Delphi I fear that your numbers are wrong here. When focusing on debt in the retirement or aged care sector, ignore the RADs they get funded by incoming residents as turnover continues (around 10pc pa) and RADs don't accrue interest. Its the interest bearing liabilities you need to focus on. I've got no idea where you get 7x EBITDA debt levels. It's actually 3.6times. And then, when the settlement proceeds of the Gasworks sale this goes lower, and the sale proceeds of the other non retirement assets continues this goes lower and then continued sales of retirement units (hundreds of them) over the next 12 months debt falls very materially. The other post also correcting you noting the 16.8pc debt to asset measure is correct.
From an institutional real estate perspective this entity has quite low debt and also compared to other commercial players with lumpy assets, AOG's sources of liquidity are granular, regular, diversified and constant. This is a company that if it chooses to could start ammortising debt on a weekly basis. A commercial REIT can't do that.
Another factor to consider here is, given the limited list of peer group in Australia, how does AOG compare to offshore peers? Well my friend, debt levels of AOG are less than half of many peers offshore. In many cases one third of the debt used offshore. Why, you may ask, is that relevant? Because that's what is going to drive the end outcome here. Asian , Euro or North American retirement or social housing players that are steadily building global portfolios are going to either A) take AOG out or B) capital partner in private equity vehicles large portions of its portfolio. Either way, the outcome is highly highly accretive to AOG shareholders.
You see, you're just trying to scare long term holders so you can profit more from your short position. And I would not boast about your corporate banking experience when you can't even get your debt figures right.....
My call on this and what I'm doing is I see this as the cheapest institutional grade real estate portfolio in this country at the moment. It's balance sheet is in EXCELLENT shape, it's got granular regular inflows of equity from its property sales to reduce debt, it can sell entire village assets as well whenever it chooses. Its got multiple levers to pull including JV entity investments into pools of assets.
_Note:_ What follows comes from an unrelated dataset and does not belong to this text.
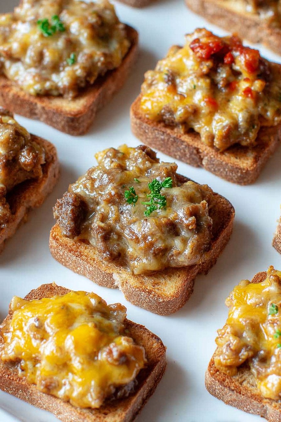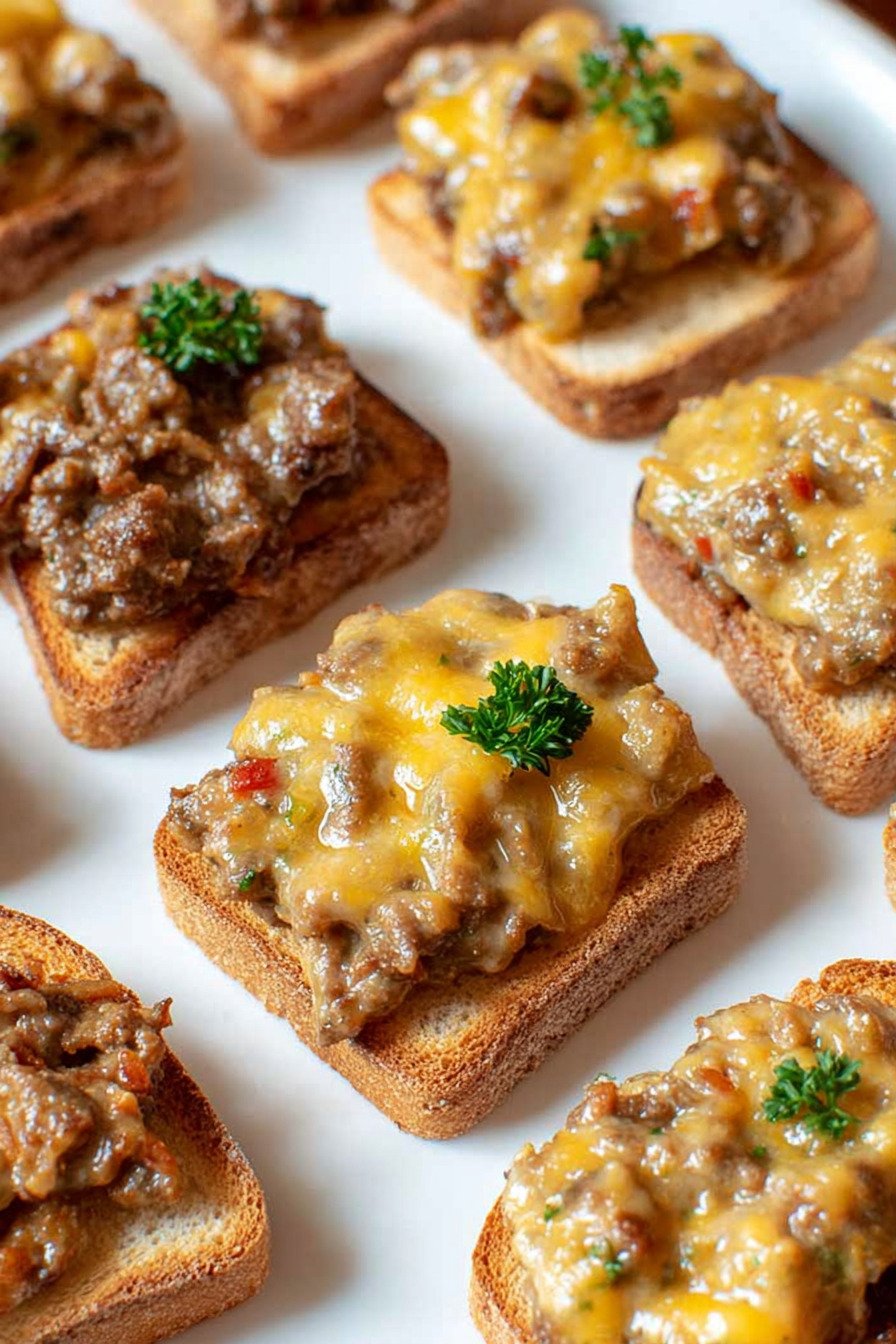 You can also assemble the toasts a few hours ahead and refrigerate them on a tray. Bake them straight from the fridge, adding an extra minute or two if needed. It is an easy way to stay ahead during party prep while still serving one of your favorite Appetizer Recipes warm and melty.

Demographics drives everything and the looming RC has now caused a SLOWING IN SUPPLY of retirement unit developments. The peak of the baby boomer population wedge retired 3 years ago. We've got 15 years ahead of us with demand growing on a WEEKLY basis just as we head into a 3 year period of reduced new supply.
AOG is dirt cheap. It's going to get taken out or alternatively turn itself into a capital partner model with global institutional pension fund investors. The returns it can offer anyone buying at these levels is exceptional. You're on the wrong side of the coin here.